With so much of its workforce operating remotely and the main data infrastructure of the organization now hosted in the cloud, MOB started looking for a remote working desktop infrastructure that would support its nurses and social workers to deliver vital services in remote settings.
“We have 12 different locations and we need our people in all of those locations to have access to a centralized source of data, so they can best support our patients,” says Erdal. “Azure Virtual Desktop was the logical step.”
It is a solution that comes with a number of benefits. “All our employees can work remotely now,” Erdal says. “If they work from home, they can just click on a link on our website and have all the desktop functionality they need, as if they were at the office. If they are in the field then they can scan documents on their smartphones without having to go to an office.”
Ease of use is also critically important for MOB’s diverse workforce. “If you’re a care worker working in the field and you only need a single sign on to access multiple different applications and services, then that is a huge plus,” says Erdal. “And some of our care workers are only recruited the night before they deliver their first services, so they can be onboarded very easily with AVD, without even having to come into an office.”
Another key consideration is security and privacy, because the system needs to integrate patient data. “Microsoft has the security tooling needed for such an environment,” says Boonstoppel. “And it integrates with everything MOB is already using.”
“Our healthcare workers can access the electronic patient system from anywhere, on their smartphones,” adds Erdal. “So they are able to log their activities and if they need to create a letter or anything like that, then they can put it in the system for a follow-up action.
“It also enables our healthcare workers to use their smartphone to check things ahead of time,” he continues. “The night before a visit they can check what kind of medication the client needs.
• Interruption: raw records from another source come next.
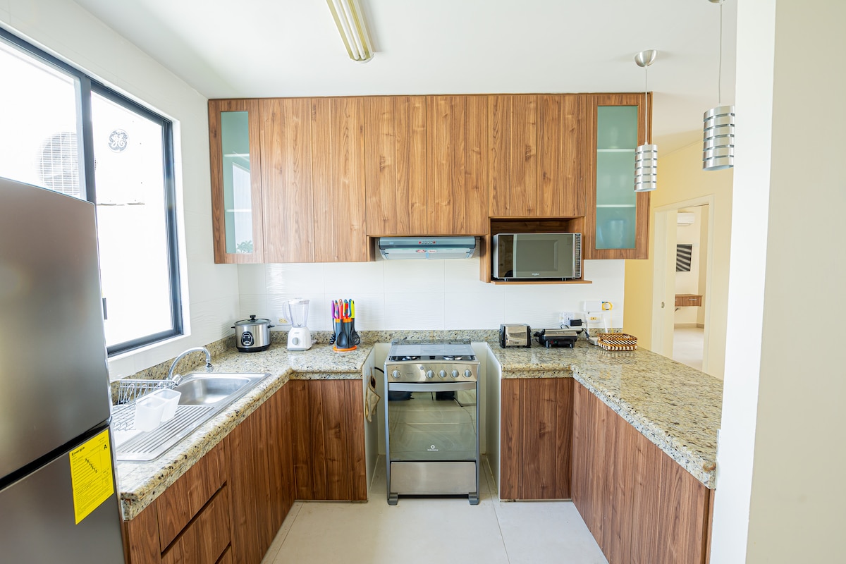 Diviértete con toda la familia en este alojamiento con estilo a 145 km de Guayaquil. Contamos con 2 dorm, 2 baños, En el 1 primer dorm Camas 2 1/2, en el 2do. Cama tipo 1 litera de 1.5 plaza y 1 cama individual 1.5 plaza, parqueo. 3 TV, 3 A/C, ascensor, agua caliente, lavadora y secadora, WIFI. Incluye acceso al Lobby, Gimnasio, área social con parrilla (bajo reserva), acceso a piscinas y jacuzzi. Además puedes visitar las lindas playas privadas que no tiene restricción de horarios.
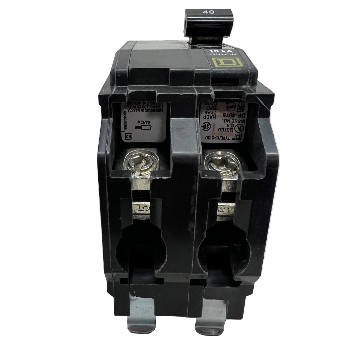 Square D QO240 is a 2-pole, 40A thermal magnetic circuit breaker for 120/240VAC systems with 10kA breaking capacity. Features include VisiTrip indication, trip-free toggle mechanism, and plug-in mounting. UL Listed.
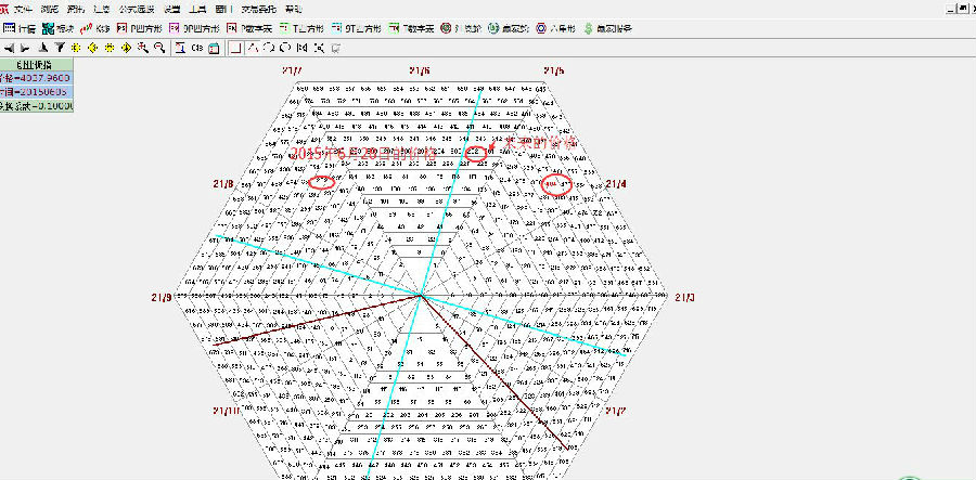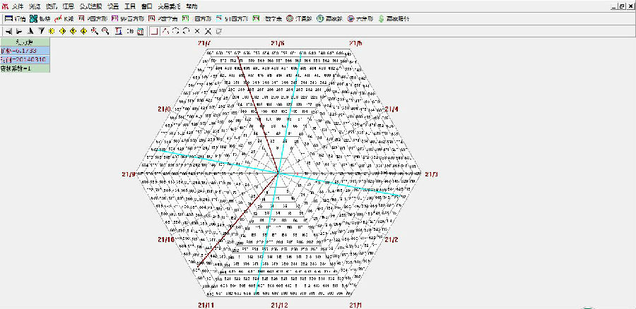 學(xué)習(xí)江恩理論的朋友,大部分都了解,江恩會(huì)運(yùn)用大量的多邊形來繼續(xù)擰市場(chǎng)的時(shí)間和價(jià)格的分析,例如江恩正方形,江恩輪中輪等等。江恩六角形其實(shí)是贏家江恩軟件中的一個(gè)工具,具體的圖形如下圖。

So they can access all sorts of data via their smartphones, and all securely.”
It is clear that the solutions MOB is using are already having an impact on the vital services it provides for its patients. “They have less paperwork and less need to come into the central offices, which means they can spend much more time with the patients.”
Similarly, the IT team at MOB suddenly find themselves with more time. “When we have an issue, we can now just log a ticket with 3fifty, rather than having to sort out the issue ourselves as we used to. That gives us much more time to focus on innovations and improvements.”
One such improvement focuses on adoption of the collaborative tools used by the company’s healthcare workers. “Microsoft Teams is also installed on the AVD environment,” says Erdal. “But not everyone is using it to its full potential. So the next phase for us is to help to increase adoption of Teams, to enhance collaboration between our teams.”
Even without such improvements, the success of MOB’s unique brand of healthcare provision looks set to continue to grow – a testament as much to the quality of the service, as to the need for it.
“We give vulnerable people the opportunity to independently participate in society,” says Erdal.
“By 2023, we will have six more MOB centres open across the Netherlands. And I think that the reason we are growing so fast is because of the need for this type of special care, which truly understands your background and your preferences, based on your cultural differences,” he adds.
“It is a huge inspiration for us to continue to do what we do.”